Most of the time, the unit owners who now control the Board of Directors of the association have no experience with construction and are just getting familiar with the construction issues at the same time that the developer is heading for the door. Normally, by the time the association finds out about design and construction deficiencies and defects, the developer is long gone and there are no more units left to be sold. The developer is typically a shell company set up as a corporation or limited liability company that has no assets and no real interest in doing repairs. Sometimes the developer entity is owned by a reputable builder that may have some interest in protecting its name and reputation, and therefore may be willing to at least discuss doing some repairs. Unfortunately, for practical business reasons addressed below, the developer is almost never willing to spend what is required to fix what is wrong to the satisfaction of the association. That means that the association has no choice other than to litigate or special assess the unit owners hundreds of thousands or millions of dollars to effectuate repairs. We counsel associations on how to deal with these issues.

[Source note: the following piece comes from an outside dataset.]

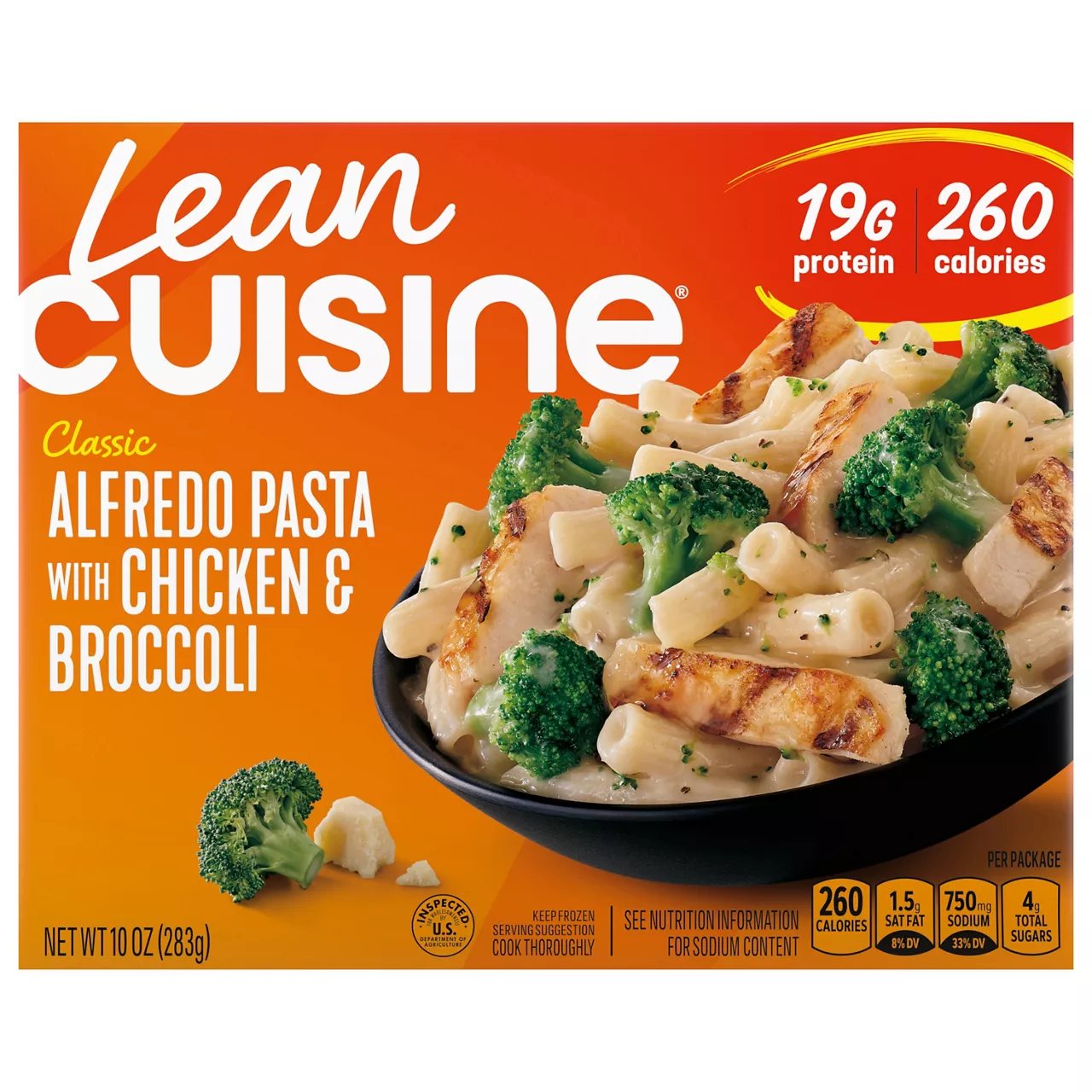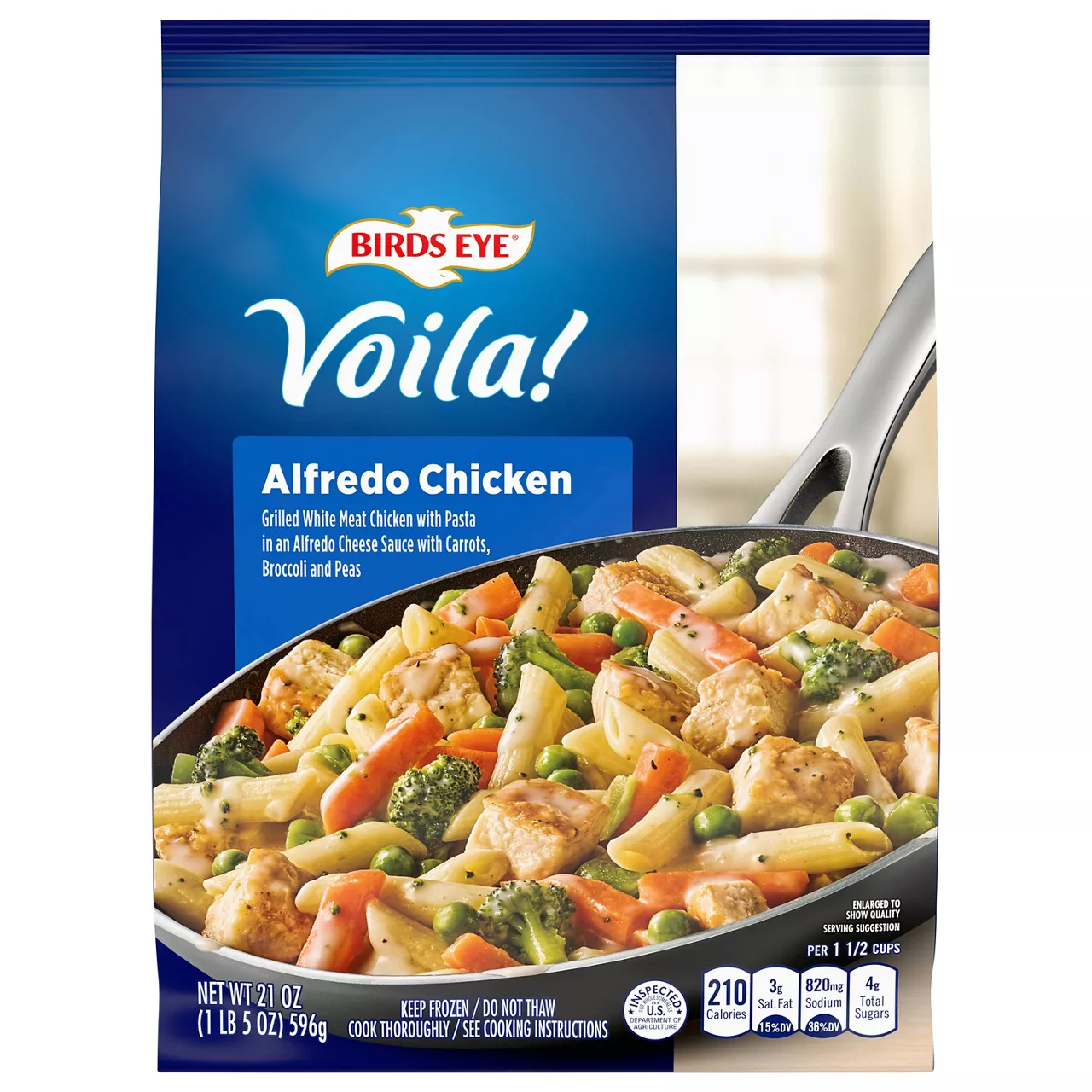 BROCCOLI. SEASONED COOKED CHICKEN (CHICKEN BREAST, WATER, SUGAR, SEA SALT, OLIVE OIL, ISOLATED SOY PROTEIN, SOY FIBER, RICE STARCH, NATURAL FLAVORING). ALFREDO SAUCE (WATER, PARMESAN CHEESE [PASTEURIZED MILK, CHEESE CULTURE, SALT, ENZYMES], ROMANO CHEESE FROM COW'S MILK [PART SKIM MILK, CHEESE CULTURE, SALT, ENZYMES], CORN STARCH, CREAM, CONTAINS 2% OR LESS OF: WHEY PROTEIN CONCENTRATE, POTASSIUM CHLORIDE, SEA SALT, NATURAL FLAVORINGS, BUTTER [CREAM, SALT], LOCUST BEAN GUM).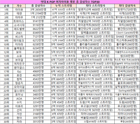 최다 스트리밍곡 : CHEER UP(2억 7410만 스트리밍)

The association is usually in a big hole. It has neither the money nor the experienced leadership to handle the complex process of hiring qualified experts to advise it on the technical construction and financial issues it is confronted with. Counsel therefore has to assist the Board of Directors of the association by recommending competent engineers and/or architects who can give the association reliable, unbiased reports on the condition of the common elements. Counsel also has to recommend to the association accounting experts who can advise the association on various financial issues including, but not limited to, how much money the developer may owe the association for: (a) unpaid monthly maintenance fees that the developer should have paid for developer-owned units prior to their sale; or (b) for benefits derived by the developer-owned units from common elements that the association had to pay to maintain.